Soap, also known as Savon soap in French, is a product used for antibacterial bathing. The main ingredient of this soap is Sodium or Potassium salt contained in Fatty Acids. Soap / This soap has 3 main forms: bar form (also known as bar soap), powder form or liquid form (solution).

Hard soap (contains sodium): saponification reaction produces sodium salt = fat + alkali
Soft soap (containing potassium): saponification reaction produces potassium= fat + alkali

Cleansing mechanism of soap:

The cleaning process of soap is understood as a chemical process that cleans stains from material surfaces: When dissolving detergent (soap) in water, this solution has a lower surface tension than water. and penetrates deep into the surface to pull out stains.

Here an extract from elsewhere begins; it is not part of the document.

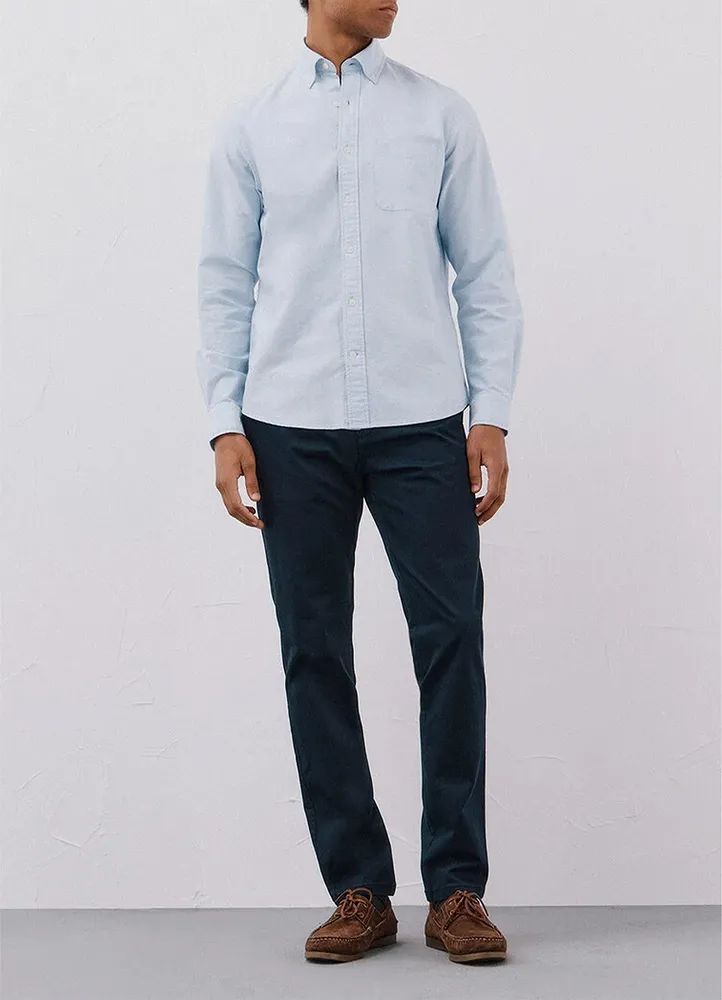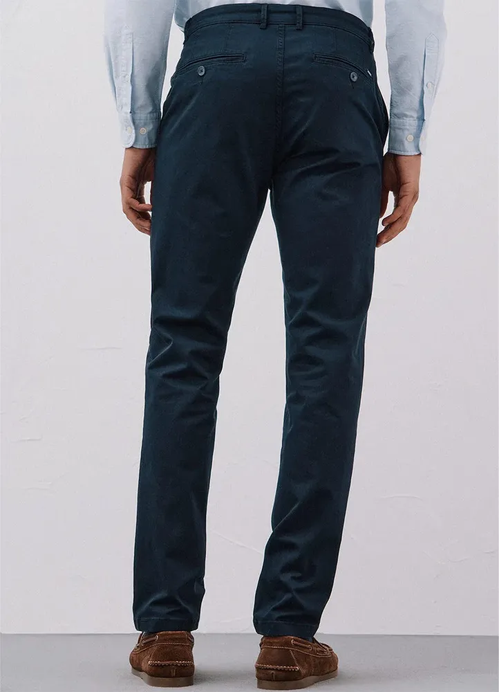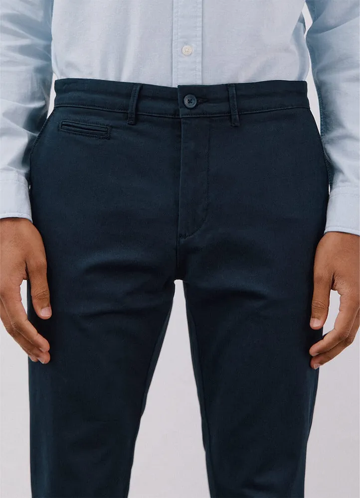 Slim fit chino pants featuring a button and zipper closure, and include elastane for enhanced comfort and flexibility.

Hydrocarbons in  soap will penetrate deep into the surface- the metal ions move outward pulling the stain out.

Origin of soap

There are many theories surrounding the origin of soap, but the most popular and convincing theory lies in the period 600 BC at the foot of Sapo, ancient Rome.

People accidentally discovered that washing clothes on the Tiber River is cleaner than washing on other rivers. The secret lies in the layer of ash and animal fat from the temples on top of Sapo hill combined with water from the Tiber River to create a foamy detergent that makes clothes cleaner. Perhaps that is why the soap reaction gets its name from that inspiration (Saponification).

  • Soap in English: the Celtic people in England made soap from ash and animal fat => called Saipo.
  • Savon in French

300 years later, Egyptian chemist Zosimos of Panopios synthesized the soap making process to widely popularize it in many different countries. By the 8th century, the Arab intellectual Jabir Ibn Hayyan had summarized the use of soap for bathing.

In the 18th century, the use of soap for bathing became popular. In 1971, Nicolas Leblanc - a French chemist found a way to extract soda from table salt. Also during this time, Louis Paster announced the causes and solutions to reduce the spread of disease by maintaining good personal hygiene.

In the 19th century, soap production was a key economic industry in the United States. American farmers make homemade soap from salvaged wood ash combined with fat after slaughtering pigs. World War I increased the need for soap. But the war also made soap scarce and not produced enough for demand. Also from that scarcity, German chemists created new soaps from synthetic substances from petroleum.

In 1952 - the period after the Japanese war, food poisoning and dysentery increased sharply due to poor sanitary conditions. From there, Mr. Shota Saraya created antibacterial liquid soap.